In honor of In honor of National Cyber Security Awareness
Month, MediSYS has put together ten simple tips that your practice can do to help improve cybersecurity. Businesses in the healthcare industry are hacker’s top target due to the value and sensitivity of the data that is used day-today. Due to HIPAA breach penalties and laws, hackers are able to hold massive amounts of sensitive data at a ransom that the practice will have to pay to ge their data back, if they cannot figure out a way to remove the ransomware. This has been very lucrative for hackers, it is estimated that Ransomeware attacks cost businesses, in total, $8 billion in 2018. Don’t be a victim, fight back against these hackers by preparing and taking every measure nesesary to prevent a hack!
1. Make sure operating systems and programs are up to date. See our article: Is Windows 7 HIPAA Compliant?
2. Keep a log of what computers and users have access to and keep it up-to-date by deactivating users when access is no longer needed or authorized.

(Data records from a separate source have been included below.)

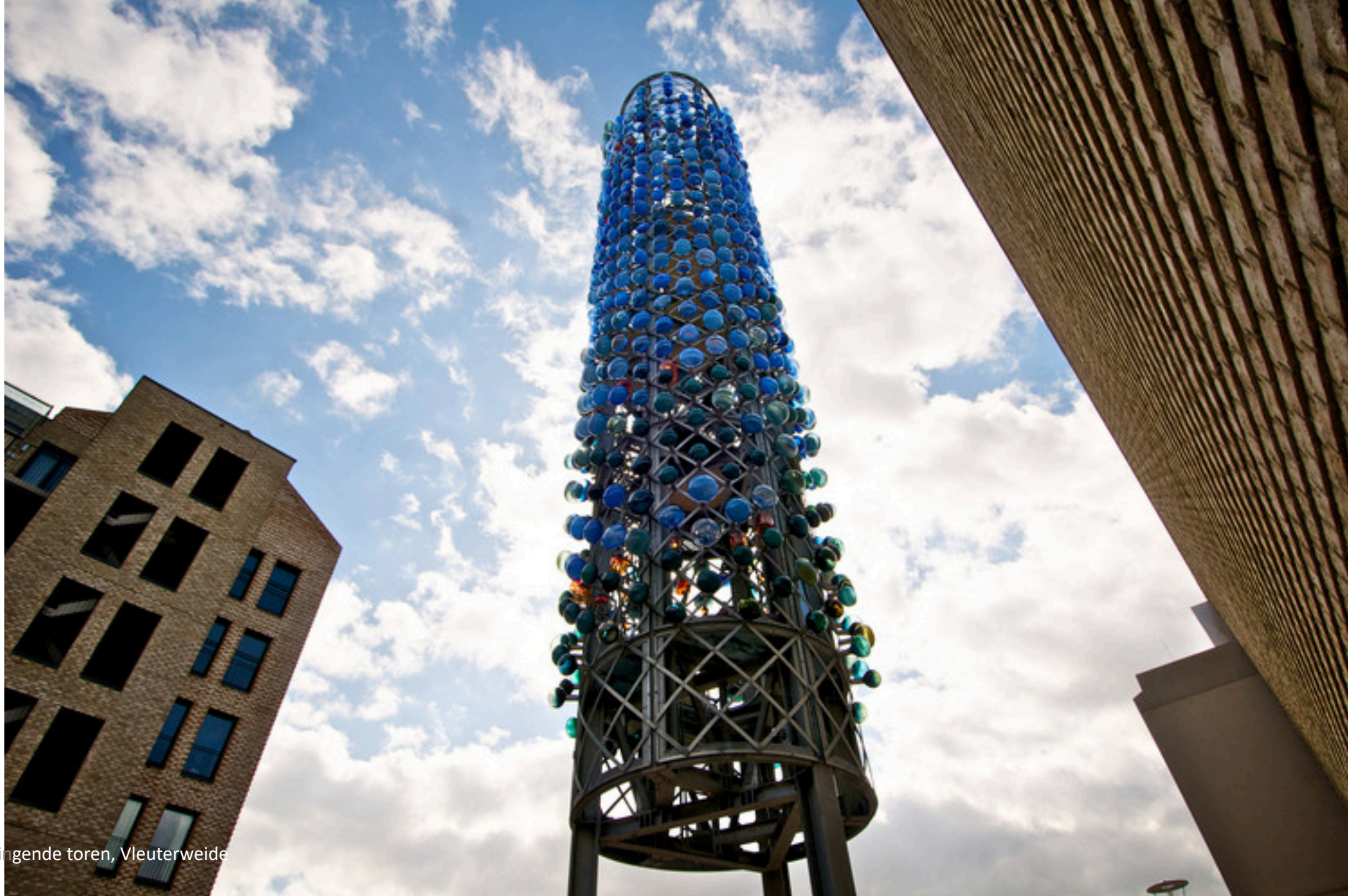
Zingende toren, Vleuterweide
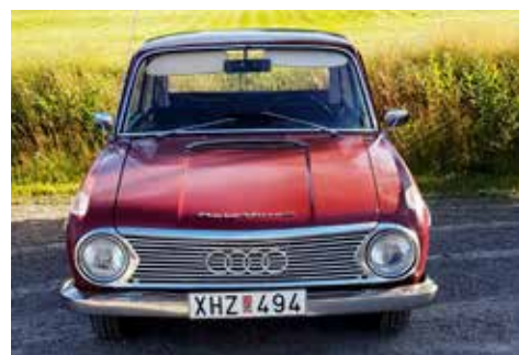
Bo Birgerssons DKW F102 -65
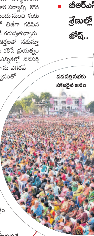
వనపర్తి సభకు హాజరైన జనం

ప్రతిపక్షాలు కుదేలు.. అచ్చంపేటలో సీఎం కేసీఆర్ సభ ద్వారా అచ్చంపేటలో బీఆర్ఎస్ గ్రాఫ్ మరింత పెరిగింది. ఇంటింటికి వెళ్లి ప్రజలను కలిసే ప్రయత్నం చేస్తున్నారు. ప్రజా ఆశీర్వాద సభ గ్రాండ్ కార్యక్రమాన్ని సమన్వయం చేస్తూ ఎలాంటి ఒడిదుడుకులకు లోసుకాకుండా చర్యలు తీసుకుంటున్నారు. అచ్చంపేట ప్రజా ఆశీర్వాద సభ గ్రాండ్ కార్యక్రమాన్ని సమన్వయం చేస్తూ ఎలాంటి ఒడిదుడుకులకు లోసుకాకుండా చర్యలు తీసుకుంటున్నారు. అచ్చంపేట ప్రజా ఆశీర్వాద సభ గ్రాండ్ కార్యక్రమాన్ని సమన్వయం చేస్తూ ఎలాంటి ఒడిదుడుకులకు లోసుకాకుండా చర్యలు తీసుకుంటున్నారు.

3. Limit user permissions to the minimum necessary. Periodic reviews of user permissions to make sure they are not excessive, is a good practice.
4. Protect your practice’s network with a firewall or a managed internet circuit.
5. Train your employee’s continuously on cybersecurity best practices. Phishing simulations, informative videos, and classes should be done at least once per year.
6. Use Anti-Virus software and internet website filtering. Anti-Virus software is a given but internet filtering helps to prevent employees or patients from going to, or being redirected to, a malicious site, compromising your network.
7. Use a separate network for guest Wi-Fi and practice internet. Separating these 2 puts a layer of protections between a patient or a hacker using the public Wi-Fi to access protected information or load malware onto the network.
8. Use Encryption. Most computers have a built-in encryption tool, Bit locker for Windows 10 PCs. WinZip is an easy way to encrypt email attachments. Never send PHI or other sensitive documents in an email or over the internet unless they are encrypted.
9. Lock down your accounts with Passphrases or other long passwords and change them regularly and use 2-Factor Authentication when available.. Passphrases are just combinations of easy to remember words, creating a long hard to guess password. For Example: Rabbit-Plato-300
10. Make sure that you have an up-to-date Security Risk Analysis and review HIPAA Policies at least once per year.